Source data:
*** Block opens ***

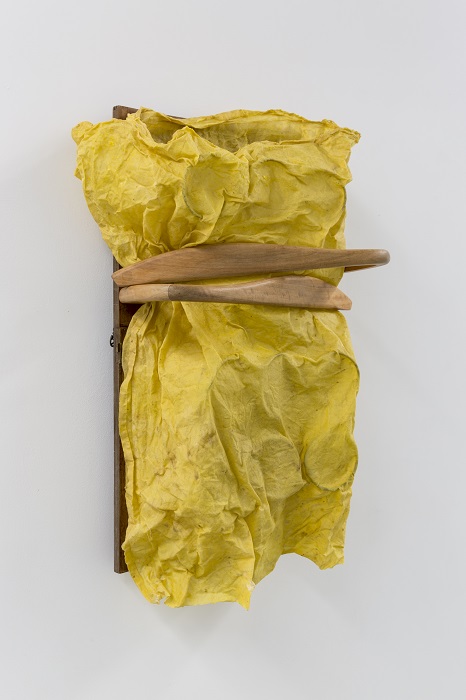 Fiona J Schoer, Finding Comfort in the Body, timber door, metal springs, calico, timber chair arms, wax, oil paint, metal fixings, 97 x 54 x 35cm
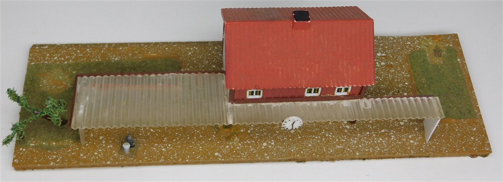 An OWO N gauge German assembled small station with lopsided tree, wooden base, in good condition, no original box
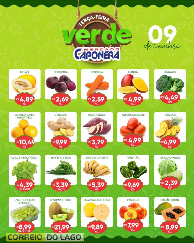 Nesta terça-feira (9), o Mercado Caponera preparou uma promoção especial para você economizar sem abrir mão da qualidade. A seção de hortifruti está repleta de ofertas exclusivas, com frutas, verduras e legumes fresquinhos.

*** Block closes ***

Directions:
With the pictures left out, give again exactly the lines from the one with "An OWO N gauge" through the end of the data, both included.

Solution to the exercise:
 An OWO N gauge German assembled small station with lopsided tree, wooden base, in good condition, no original box
 Nesta terça-feira (9), o Mercado Caponera preparou uma promoção especial para você economizar sem abrir mão da qualidade. A seção de hortifruti está repleta de ofertas exclusivas, com frutas, verduras e legumes fresquinhos.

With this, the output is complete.